A situação foi particularmente infeliz para os atores, que agora serão julgados pelo que pensaram ser um ensaio - um fato que se tornou ainda mais óbvio depois de assistir a clipes que vazaram da performance ao vivo de domingo no Twitter. Jordan Fisher provou ser um narrador confiável, apresentando uma atuação corajosa, embora despretensiosa, como Mark Cohen (embora ele não tenha seu suéter característico, que aparece no fundo em uma cena como um ovo de Páscoa para Rent-heads). Enquanto isso, a cantora de R&B Tinashe fez uma performance física vigorosa como a viciada em AIDS e dançarina exótica Mimi Márquez.

Mas a energia do show muitas vezes beirava a letárgica, parecendo o ensaio geral que foi. Isto é, até Vanessa Hudgens aparecer como Maureen Johnson, a artista performática bissexual com dificuldade em permanecer fiel a seus parceiros românticos. Hudgens, uma veterana do musical ao vivo na televisão depois de aparecer em Grease: Live, fez um retrato emocionante e desavergonhado de Maureen, que atingiu o palco como um raio de luz, chocando todos ao seu redor quando o primeiro ato foi concluído e levando a um um segundo ato muito mais animado. (Não doeu que, ao contrário de muitos de seus colegas, ela pode cantar e agir.)

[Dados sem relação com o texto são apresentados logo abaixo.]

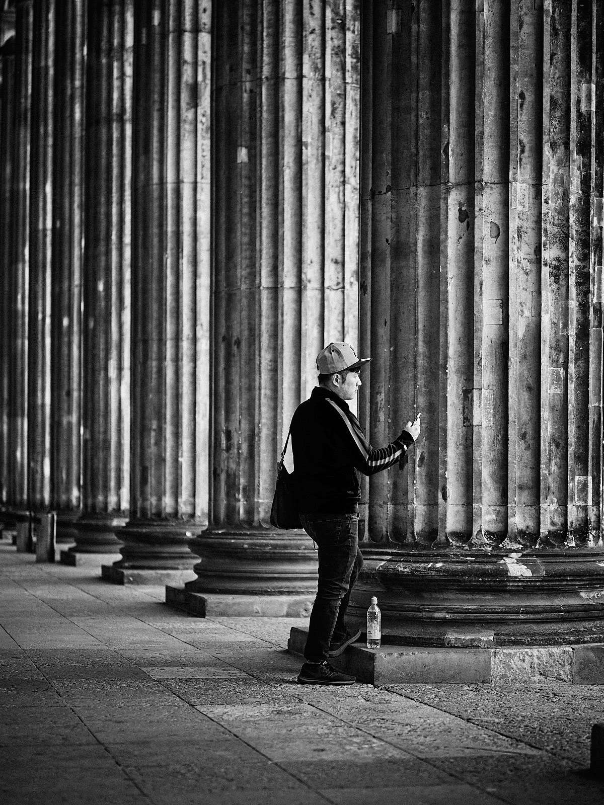 Offenbar wurde es hinsichtlich der optischen Leistung konstruiert und nicht auf klein getrimmt. Ich kann allerdings sagen, dass es an der SL (und auch einer Panasonic S1R bspw) sehr gut ausbalanciert ist. Der Balancepunkt liegt so ziemlich genau einen kleinen Fingerbreit vor dem Bajonett. Damit hat man im Handling über lange Zeit noch viel Kraftreserven, da es um einen guten Punkt herum rotiert sozusagen. Es ist geradeso noch nicht so groß, dass es Menschen abschreckt, die man fotografieren möchte. (Eines der Argumente, die in den elenden Diskussionen über mirrorless vs DSLR immer wieder kommen.) Ich habe zumeist den Balancepunkt des Systems auf den Zeigefinger der linken Hand abgelegt, was die Komposition und das Warten auf den rechten Moment sehr einfach gestaltete.

As circunstâncias da transmissão de domingo são particularmente infelizes, considerando os obstáculos inerentes que Rent teve que superar para aparecer na rede de televisão. Parte do imenso apelo do musical sempre foi sua crueza, a maneira como discutia questões que não apareciam na cultura convencional - incluindo a epidemia de AIDS, o uso de drogas e relações tabu (pelo menos na década de 1990). Que a maior parte dele permaneceu sem censura é um pequeno milagre, embora alguns aspectos tenham sido atenuados, para desgosto de muitos fãs obstinados. Mudar uma linha carregada de palavrões de Tango: Maureen ou remover um dos, erm, itens mais pessoais mencionados em La Vie Bohème não muda a mensagem geral do programa - mas qualquer alteração para estar em conformidade com a Comissão Federal de Comunicações cheira a uma triste sensação de ironia.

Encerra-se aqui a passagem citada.